1-Methoxyboracyclopentane also reacts with methyl borate, being converted into the tetramethyl ester of hexane-1,6-diboronic acid.

Experimental Part

All operations with organoboron compounds were carried out in an atmosphere of dry nitrogen. Di-1,4-(1-boracyclopentyl)butane was obtained by the interaction of butadiene and diborane in ether medium at \(-20 \div (-30^\circ)\) \((^4)\). Tetraalkyldiboranes were obtained by the methods proposed by us earlier \((^5)\).

Interaction of di-1,4-(1-boracyclopentyl)butane and methyl borate. a) In a ratio of 1:1. Into a three-necked flask equipped with a thermometer, a nitrogen inlet, and a reflux condenser connected to a Tishchenko bottle with acetone, were placed 93.8 g (0.494 mole) of di-1,4-(1-boracyclopentyl)butane, 54.0 g (0.519 mole)

methyl borate and 2.0 g (0.0102 mole) of tetra-n-propyldiborane. The reaction mixture is boiled for 1.5 hours (the b.p. thereby rises from 84 to 130°), then kept for another 1.5 hours at 130–135° and subjected to fractional distillation on a Hempel column. Obtained:

1) 116.7 g (yield 80.5%) of 1-methoxiboracyclopentane with b.p. 42–43°/87 mm. After redistillation the substance had b.p. 40.5–41.0°/83 mm; $d_4^{20}$ 0.8421; $n_D^{20}$ 1.4172.
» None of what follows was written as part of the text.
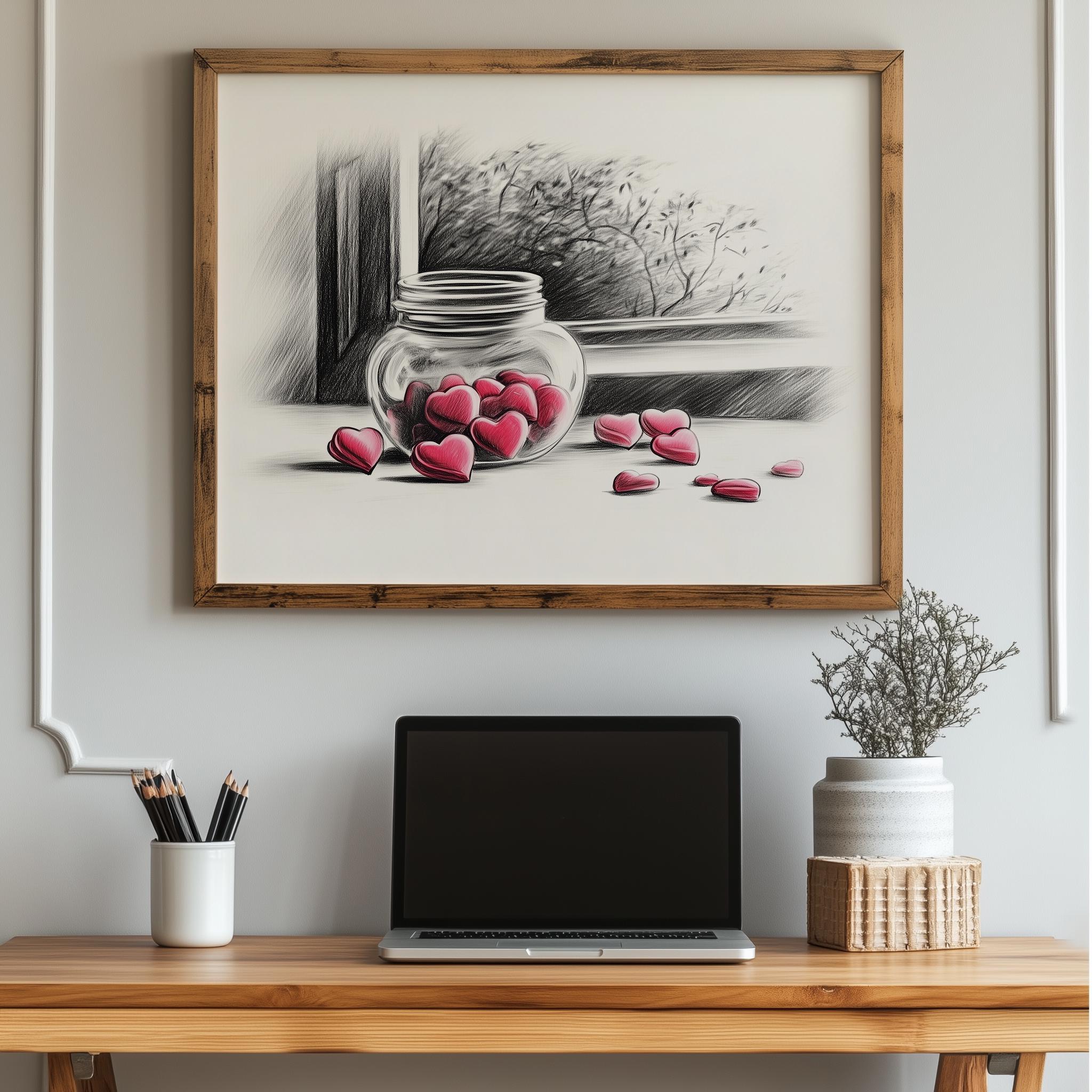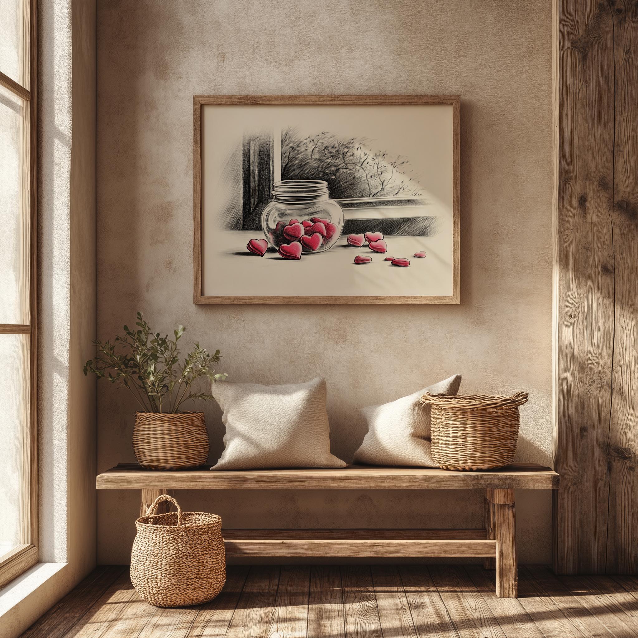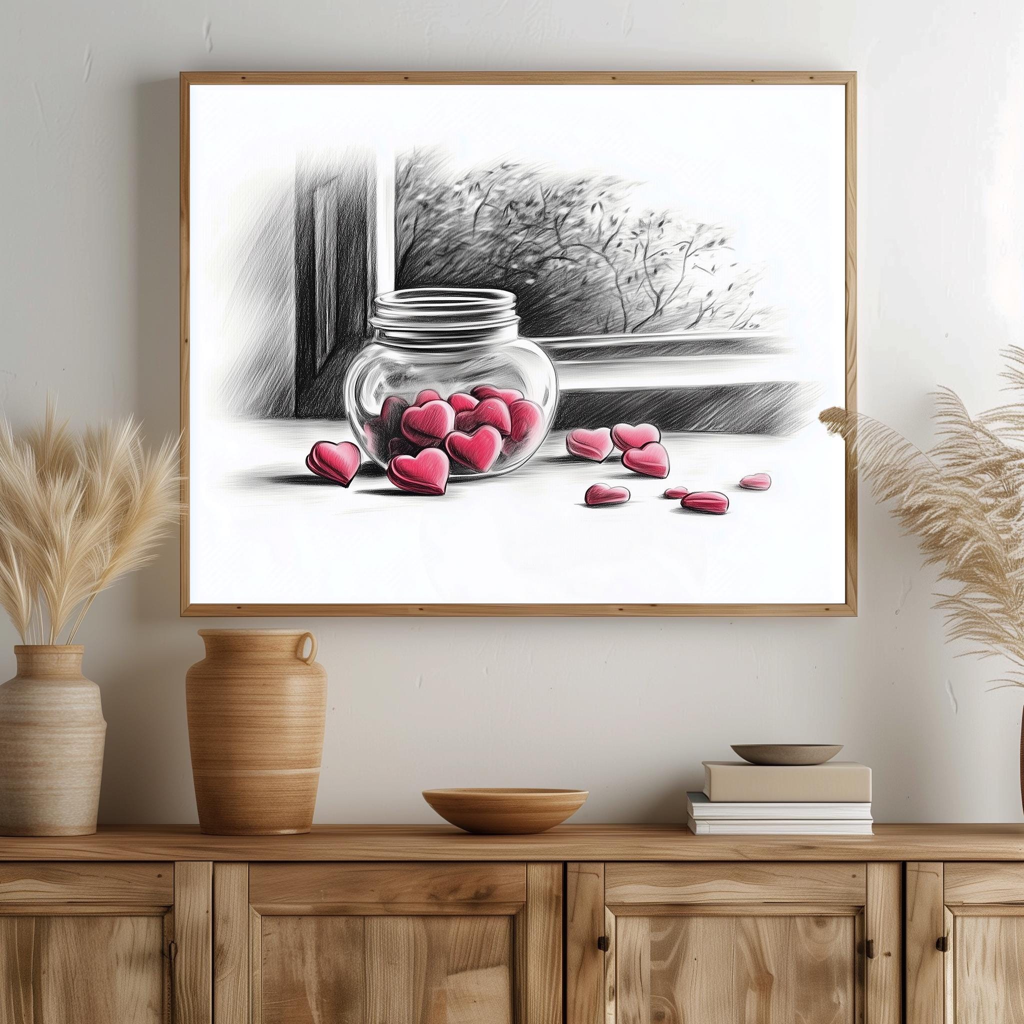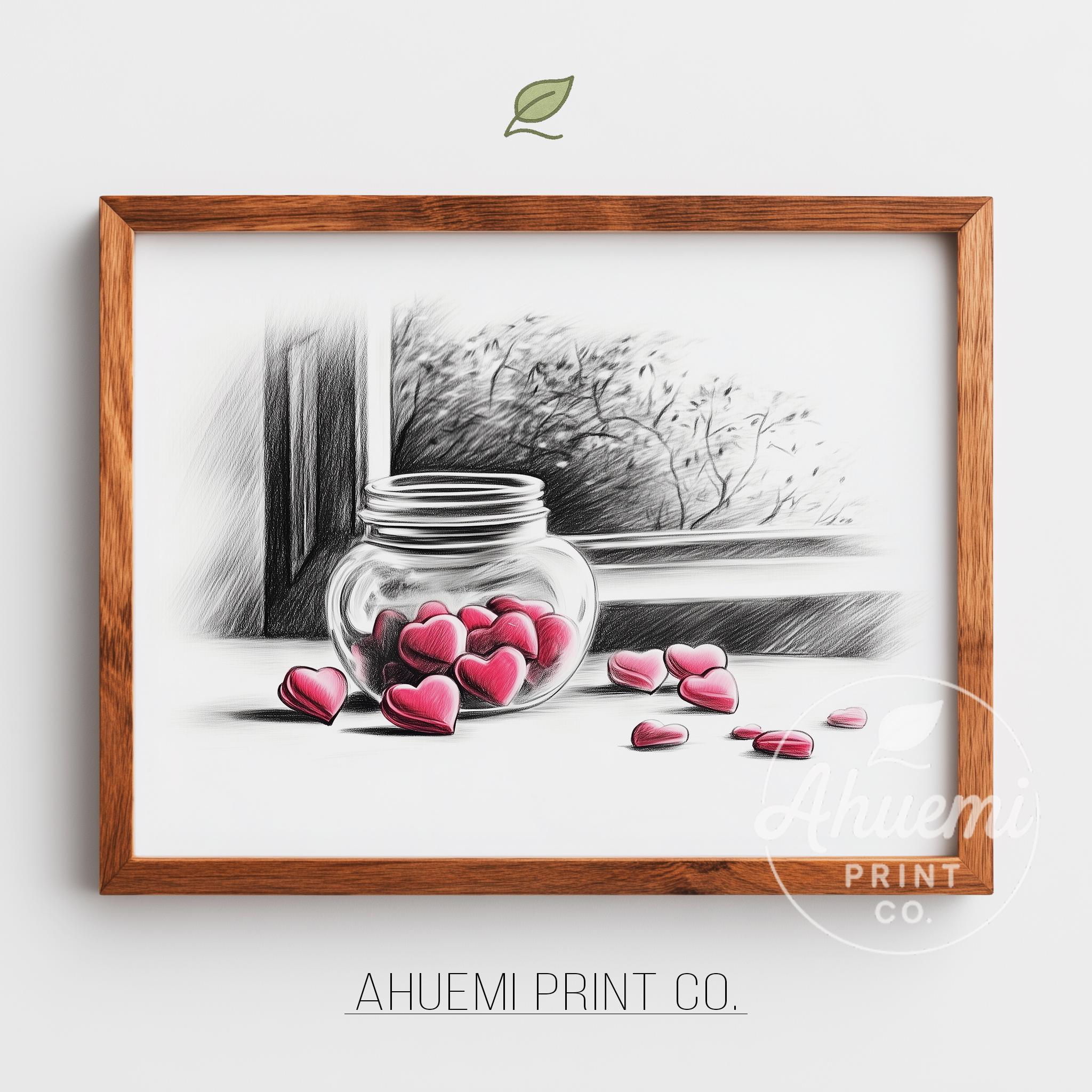 Immerse yourself in the charm with this rustic painting of a delightful jar filled with heart-shaped candies. An instantly downloadable print, it's perfect for elevating your decor with budget-friendly charm. This gives you the flexibility to customize the size, frame, and material according to your personal taste and space, ensuring a perfect fit for your walls.

\[ \begin{aligned} &\text{Found, \%: } &&\mathrm{C}\ 61.27;\ 61.14;\ \mathrm{H}\ 11.27;\ 11.39;\ \mathrm{B}\ 11.15;\ 11.29\\ &\mathrm{C_5H_{11}BO}.\ \text{Calculated, \%: } &&\mathrm{C}\ 61.35;\ \mathrm{H}\ 11.32;\ \mathrm{B}\ 11.05 \end{aligned} \]

Molecular weight found 100.6, 101.2, calculated 97.96.

2) 22.3 g of 1,6-dimethoxy-1,6-diboracyclodecane with b.p. 77–79°/3 mm. After redistillation the ether had b.p. 69.5–70.0°/2.5 mm; $d_4^{20}$ 0.9055; $n_D^{20}$ 1.4538.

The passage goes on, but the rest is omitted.